Davalı idarece, taşıyanın sorumluluğunda olan malların alıcıya tesliminde taşıyanın (kaptanın) veya taşıyan adına hareket eden acentenin onayının alınması gerektiği, alıcının doğruluğunu teyit edebilmek için ancak orjinal nüshalarından birini elinde bulunduran taşıyanın elindeki konişmento ile yükü teslim almak için gelen alıcısının ibraz ettiği diğer orjinal konişmentoyu karşılaştırma suretiyle yükün teslim edilmesine onay verilebileceği, Gümrük Yönetmeliğinde gümrük idaresine eşyanın teslimi sırasında dikkat edilecek hususlar belirtilmesine rağmen taşıyanın sorumluluğunu gözeten ve pratikte yaşanan sorunları çözecek bir hüküm bulunmadığı, gümrük idarelerinin ibraz edilen konişmentodaki bilgilerin antrepodaki yük ile örtüşüp örtüşmediğine ve yükün gümrükleme işlemlerinin yapılıp yapılmadığına bakarak yük teslimini gerçekleştirdikleri, yükün doğru alıcısına tesliminden hukuken sorumlu olan taşıyanın onayı olmadan yük teslimi yapıldığı ve uluslararası deniz ticareti hukukunun ve Türk Ticaret Kanunu’nun taşıyana yüklediği sorumluluğun göz ardı edildiği, bu nedenle, taşıyıcının malların alıcıya teslim edilmesine muvafakat ettiğini gösterir nitelikte olan teslim ordinosunun işlevini görmek üzere düzenlenen “Yük Teslim Talimat Formu”nun sektörün söz konusu sıkıntılarına cevap veren idari bir düzenleme olarak yürürlüğe konulduğu ifade edilmektedir.
Olayda, Gümrük Müsteşarlığınca, Türkiye-AB Ortaklık Konseyi’nin 1/95 sayılı kararı gereğince gümrük işlemlerini basitleştirmek ve gümrük mevzuatını AB gümrük mevzuatı ile uyumlu hale getirmek amacıyla hazırlanan Gümrük Kanunu ile gümrük işlemlerinde kullanılan belge sayısının azaltılmasının amaçlandığı, mevzuatta ordino gibi bir belgeye yer verilmediği, gümrük idarelerinde ordino yerine taşıma senedinin alıcı nüshası üzerinden işlem yapılmakta olduğu, geçici depolama yeri veya antrepolara konulan yüklerin alıcılarına tesliminde tanzim edilmesi öngörülen yük teslim talimat formu uygulamasının gümrük mevzuatına aykırı olduğu yönünde görüş beyan edildiği görülmektedir.

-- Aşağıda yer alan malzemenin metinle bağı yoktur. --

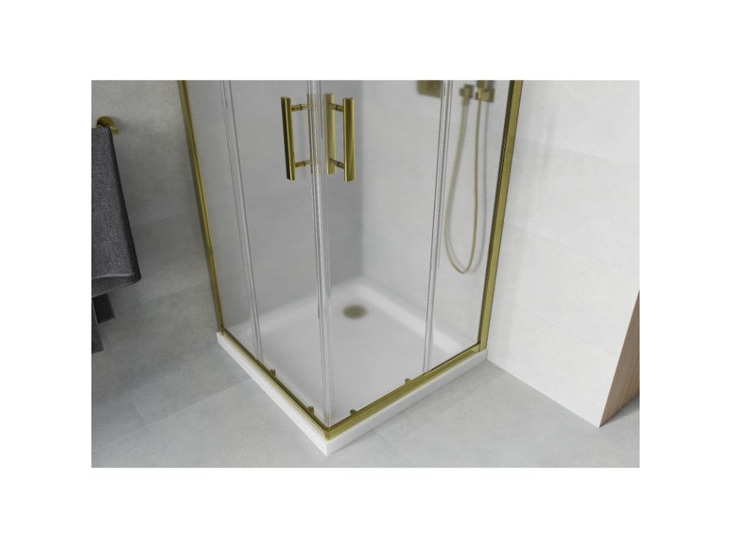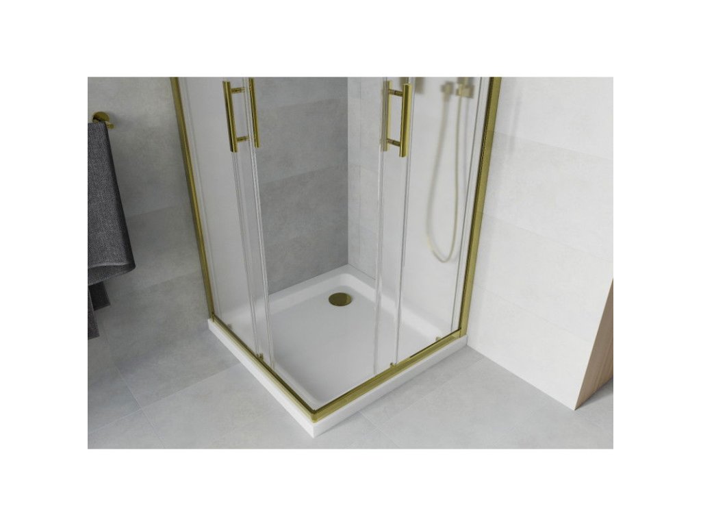 Mexen Rio sprchový kút štvorcový 80 x 80 cm, námraza, profil zlatý + sprchová vanička Flat, biela - 860-080-080-50-30-4010G

Yukarıda anılan düzenlemelerle, gümrüklü saha içerisinde mal teslimine ilişkin düzenlemeler yapma ve/veya kural koyma yetkisi açıkça Gümrük Müsteşarlığı’na verilmiş ve hatta Gümrük Yönetmeliği’nin 559. maddesi ile Yönetmelikte öngörülmeyen sorunların ortaya çıkması halinde bunları inceleyerek sonuçlandırmaya da Müsteşarlığın yetkili olduğu açıkça düzenlenmiştir.

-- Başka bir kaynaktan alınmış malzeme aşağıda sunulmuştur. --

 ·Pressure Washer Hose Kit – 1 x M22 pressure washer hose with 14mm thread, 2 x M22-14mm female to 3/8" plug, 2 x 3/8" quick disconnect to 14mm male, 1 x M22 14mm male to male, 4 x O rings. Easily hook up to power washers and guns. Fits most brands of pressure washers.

Ayrıca; deniz yoluyla ithal edilerek, geçici depo veya antrepoya konulan eşyanın teslimi sırada ibraz edilmesi gereken belgelerin belirlenmesi konusunda 491 sayılı Kanun Hükmünde Kararname ile davalı idareye verilmiş bir yetki de bulunmamaktadır.
Bu nedenle; davalı idarece, Gümrük Yönetmeliğinde taşıyanın sorumluluğunu gözeten ve pratikte yaşanan sorunları çözecek bir hüküm bulunmadığı gerekçesiyle yetki alanı dışında düzenleme yapılmasında hukuka uyarlık bulunmamaktadır.

KARAR SONUCU :
Açıklanan nedenlerle;
1. Dava konusu … tarih ve … sayılı işlemin İPTALİNE,
2. Ayrıntısı aşağıda gösterilen toplam … TL ilk derece ve temyiz yargılama giderinin davalı idareden alınarak davacıya verilmesine, … TL yargılama giderinin karar düzeltme talebinde bulunan davalı idare üzerinde bırakılmasına,
3. Posta giderleri avansından artan tutarların kararın kesinleşmesinden sonra taraflara iadesine,
4. Bu kararın tebliğ tarihini izleyen otuz (30) gün içerisinde Danıştay İdari Dava Daireleri Kuruluna temyiz yolu açık olmak üzere, 12/11/2020 tarihinde oy birliğiyle karar verildi.